EXERCISE: Copy the first line of the entries below and every line after it through the line containing "主视图则是图片时间轴,用来选择合适的画面制成 GIF 图。". Do not include pictures.

Items listed in a dataset:
↓
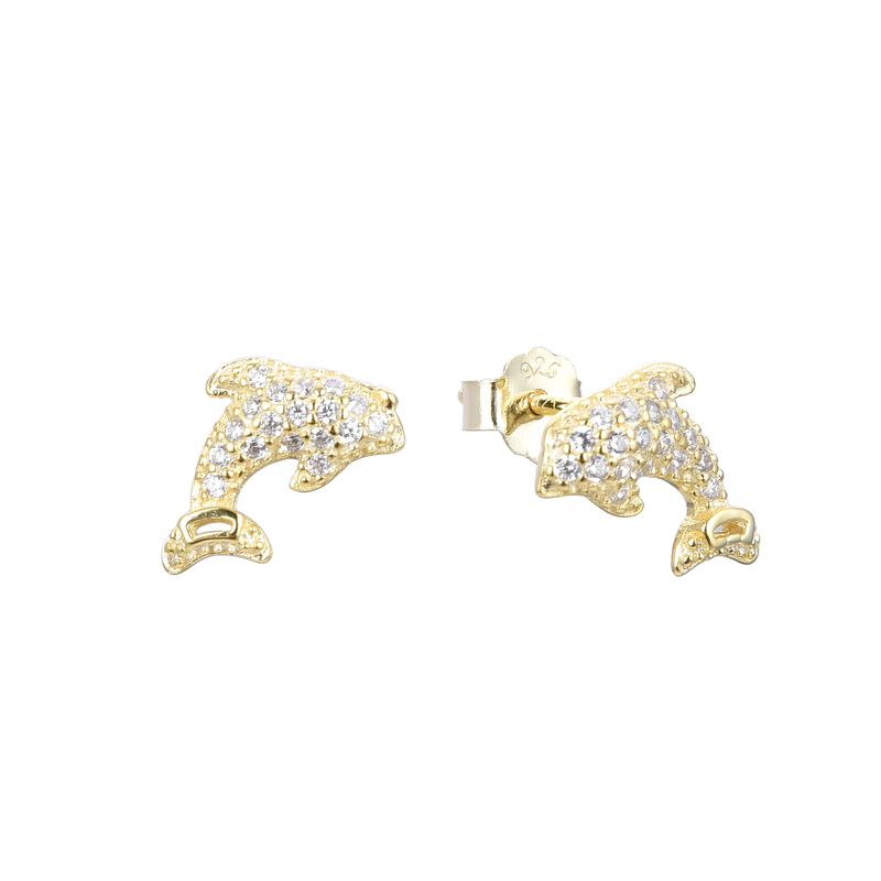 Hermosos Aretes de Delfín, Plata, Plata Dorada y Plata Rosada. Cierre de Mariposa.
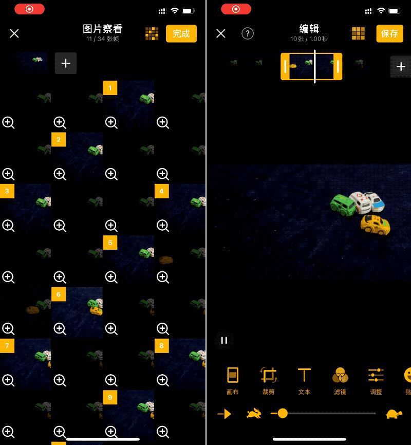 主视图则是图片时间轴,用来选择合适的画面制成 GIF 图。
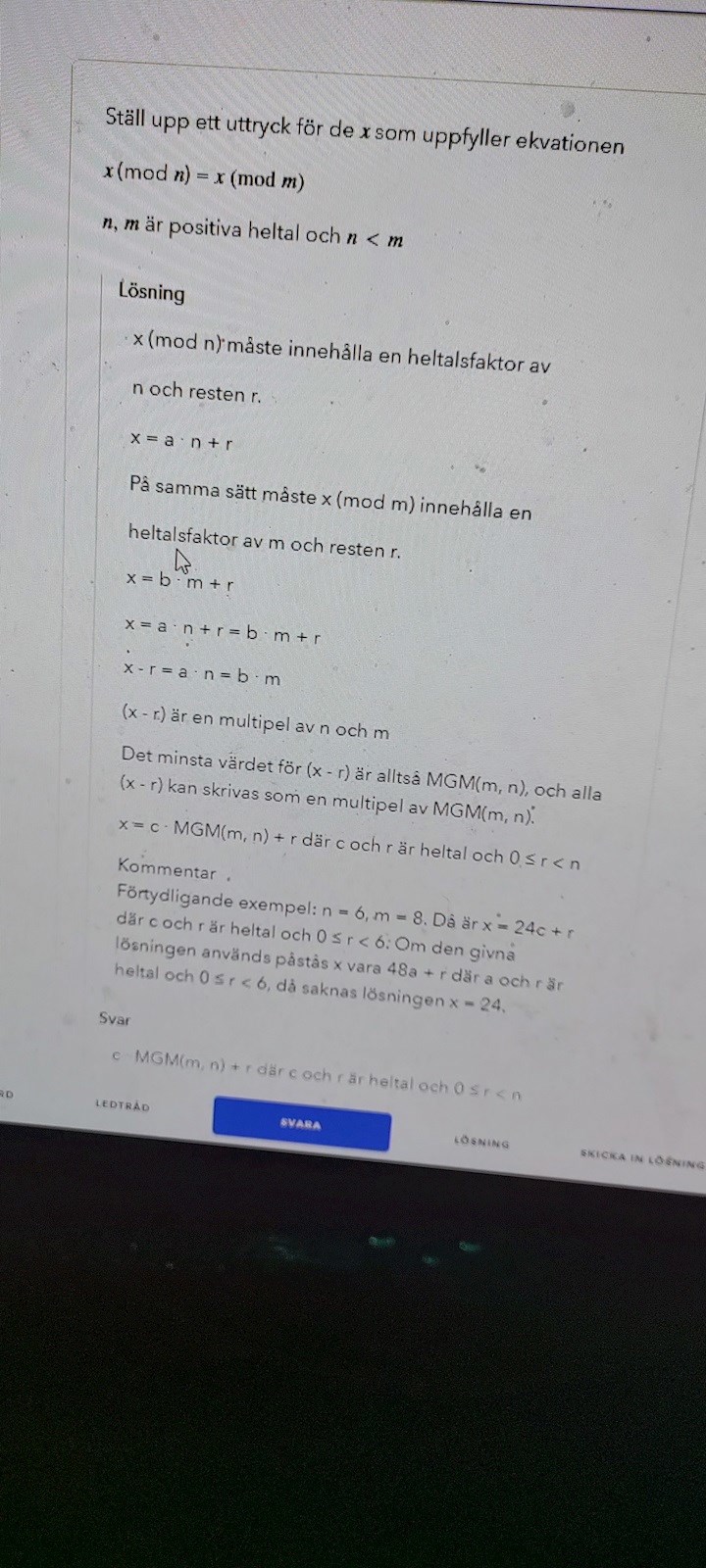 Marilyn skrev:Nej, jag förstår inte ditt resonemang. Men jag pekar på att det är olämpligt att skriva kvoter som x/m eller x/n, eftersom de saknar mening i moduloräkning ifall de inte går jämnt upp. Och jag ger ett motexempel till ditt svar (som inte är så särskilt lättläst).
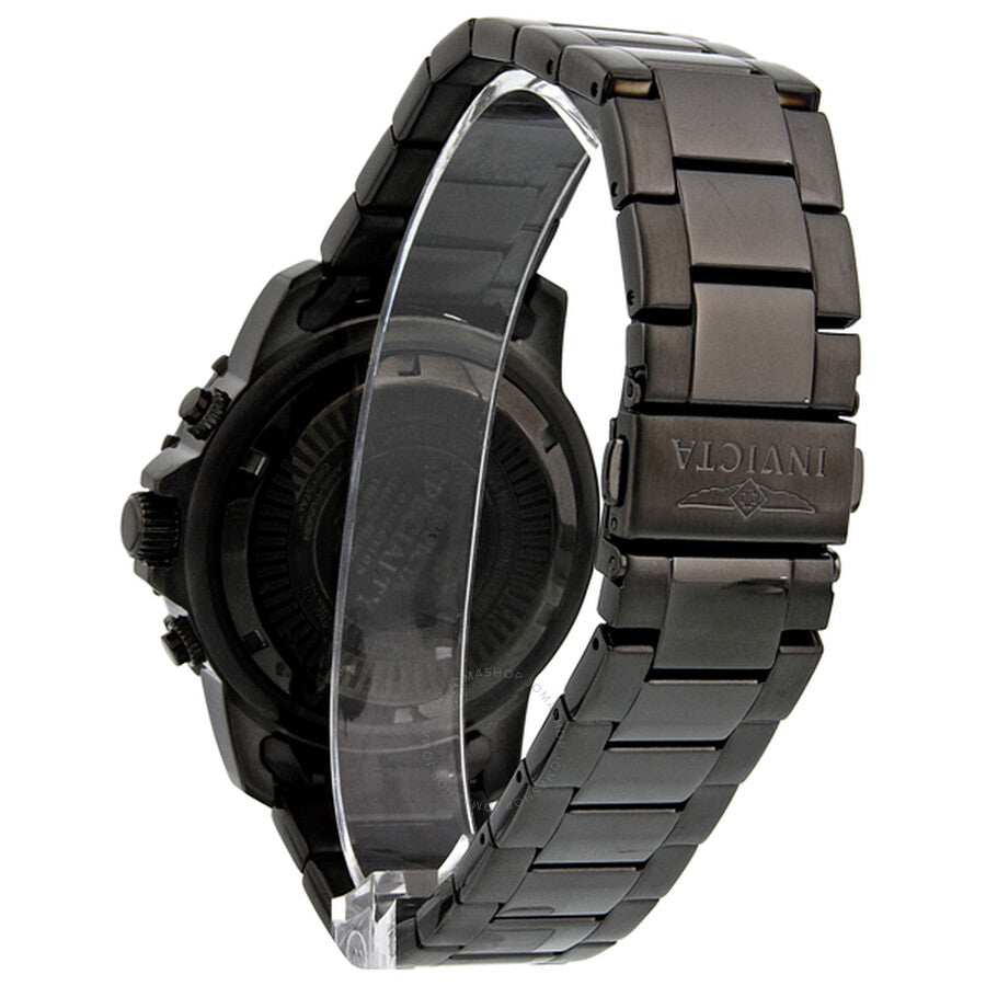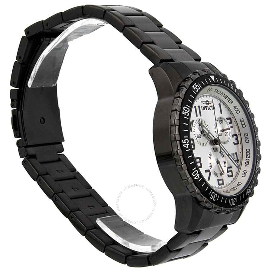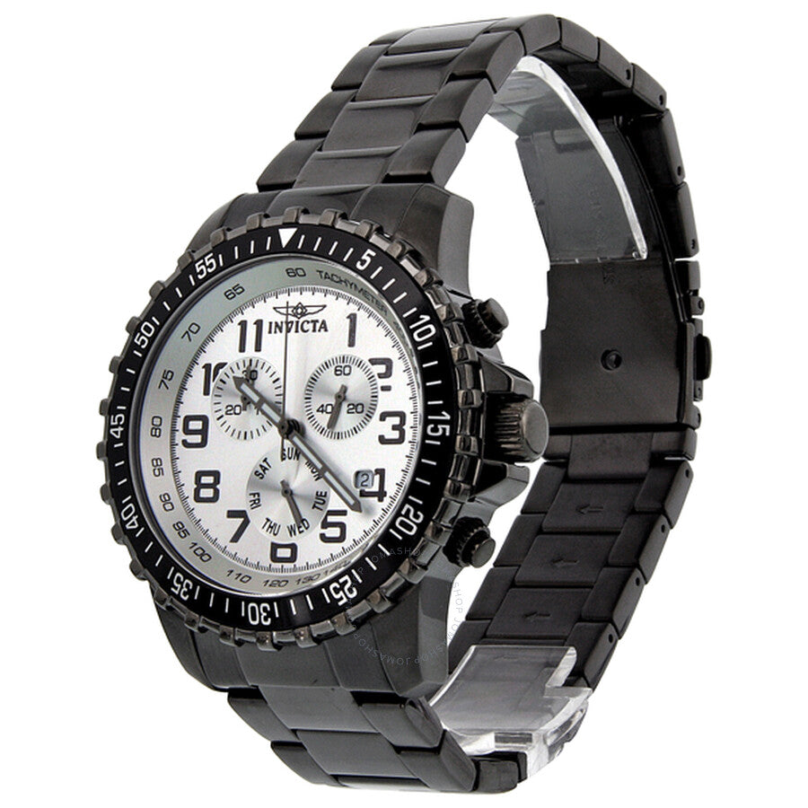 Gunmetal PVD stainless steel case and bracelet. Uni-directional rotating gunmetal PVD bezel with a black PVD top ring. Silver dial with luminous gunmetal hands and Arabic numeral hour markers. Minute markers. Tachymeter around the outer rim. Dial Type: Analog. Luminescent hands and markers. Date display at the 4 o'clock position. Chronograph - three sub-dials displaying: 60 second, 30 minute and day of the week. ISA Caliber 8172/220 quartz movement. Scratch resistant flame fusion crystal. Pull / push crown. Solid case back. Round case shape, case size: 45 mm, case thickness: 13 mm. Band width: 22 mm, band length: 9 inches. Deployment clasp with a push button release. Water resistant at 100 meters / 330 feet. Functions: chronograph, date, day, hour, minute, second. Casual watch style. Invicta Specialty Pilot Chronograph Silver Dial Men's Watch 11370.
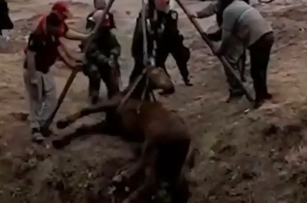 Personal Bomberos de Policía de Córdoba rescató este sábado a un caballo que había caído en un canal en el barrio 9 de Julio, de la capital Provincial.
↑
SOLUTION:
 Hermosos Aretes de Delfín, Plata, Plata Dorada y Plata Rosada. Cierre de Mariposa.
 主视图则是图片时间轴,用来选择合适的画面制成 GIF 图。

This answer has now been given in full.